M. Alter indique que même pour les personnes qui font quotidiennement de l'activité physique pendant les 30 à 60 minutes recommandées, le risque de maladie est toujours présent — quoique moins élevé que pour les personnes qui ne font pas d'exercice. Alors que les raisons pour lesquelles le fait de demeurer en position assise longtemps est néfaste pour la santé demeurent obscures, il affirme que de rester assis pendant huit à dix heures après un entraînement d'une heure réduit considérablement les bienfaits de cet entraînement.

Nombre insuffisant de calories brûlées

Les résultats des recherches de M. Alter pourraient être comparés à un examen du nombre de calories brûlées pendant un entraînement au centre de conditionnement physique — disons 40 minutes sur le tapis roulant — et du nombre de calories que comporte un petit déjeuner typique. Supposons que vous brûlez 500 calories en courant; cela serait annulé par un sandwich petit-déjeuner de 500 calories et un café deux crèmes, deux sucres. «Nous ne brûlons pas autant de calories que nous le croyons» dit-il.

Les calories que l'on ne brûle pas deviennent dangereuses. «Les calories que nous ne brûlons pas se transforment en gras, ce qui est toxique pour notre organisme» explique-t-il. Il appelle cela la «toxicité métabolique».

Ce qu'il faut retenir de sa recherche, selon M. Alter, c'est qu'il faut faire de l'activité physique de faible intensité à petites doses — comme d'aller promener le chien ou de prendre les escaliers plutôt que l'ascenseur — tout au long de la journée, pour interrompre les longues périodes en position assise. L'important, c'est de bouger et de brûler des calories.

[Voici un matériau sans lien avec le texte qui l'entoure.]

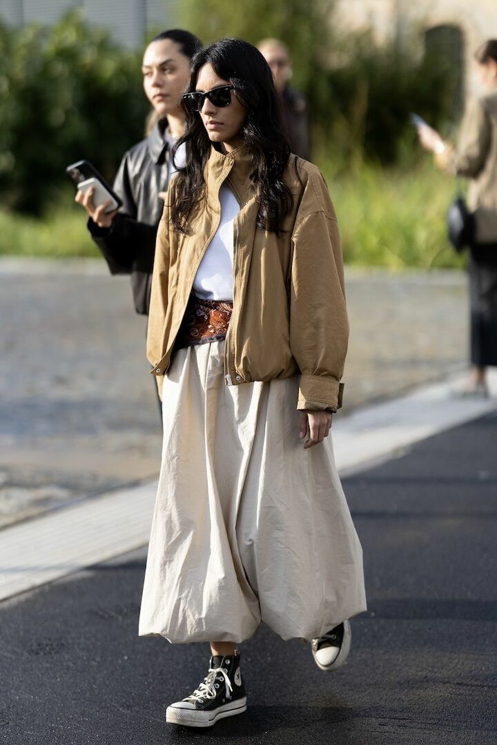 白で繋いだトップスとボトムスは、ふんわりとしたバルーンスカートがトレンド感をクリア。甘くなりすぎないよう、ワークテイストなブルゾンとスニーカーを使ってカジュアルダウン。ブルゾンは、白にマッチするベージュがちょうどいいです。仕上げにブラウンのスカーフを腰に巻き、上下が間延びしないように調整。

«Nous pouvons doubler le nombre de calories brûlées en nous tenant debout plutôt qu'en restant assis» explique M. Alter. Il recommande que les gens intègrent l'exercice dans leur quotidien, en travaillant debout, par exemple, ou en trouvant de nouvelles façons de bouger tout en faisant autre chose, comme faire des exercices pendant qu'on regarde la télévision.

Il met en pratique ce qu'il prêche; il répond à ses courriels et il écrit ses manuscrits tout en pédalant sur un vélo stationnaire. «Après une heure, j'ai brûlé 1 000 calories.»

Bien que M. Alter soit d'avis qu'il faut poursuivre les recherches afin de trouver à quelle fréquence il est recommandable de bouger, il est certain que plus on bouge, mieux c'est. Il admet également que la façon dont une personne intègre une activité physique de faible intensité dans son quotidien est fonction de son état de santé et des recommandations de son médecin.

«C'est un appel à l'action dit-il. Il existe différentes solutions pour différentes personnes.»

Patrick Simon affirme qu'il apportera des changements à son mode de vie. «C'est très préoccupant, dit-il. Cela m'incite à repenser entièrement ma façon de travailler.»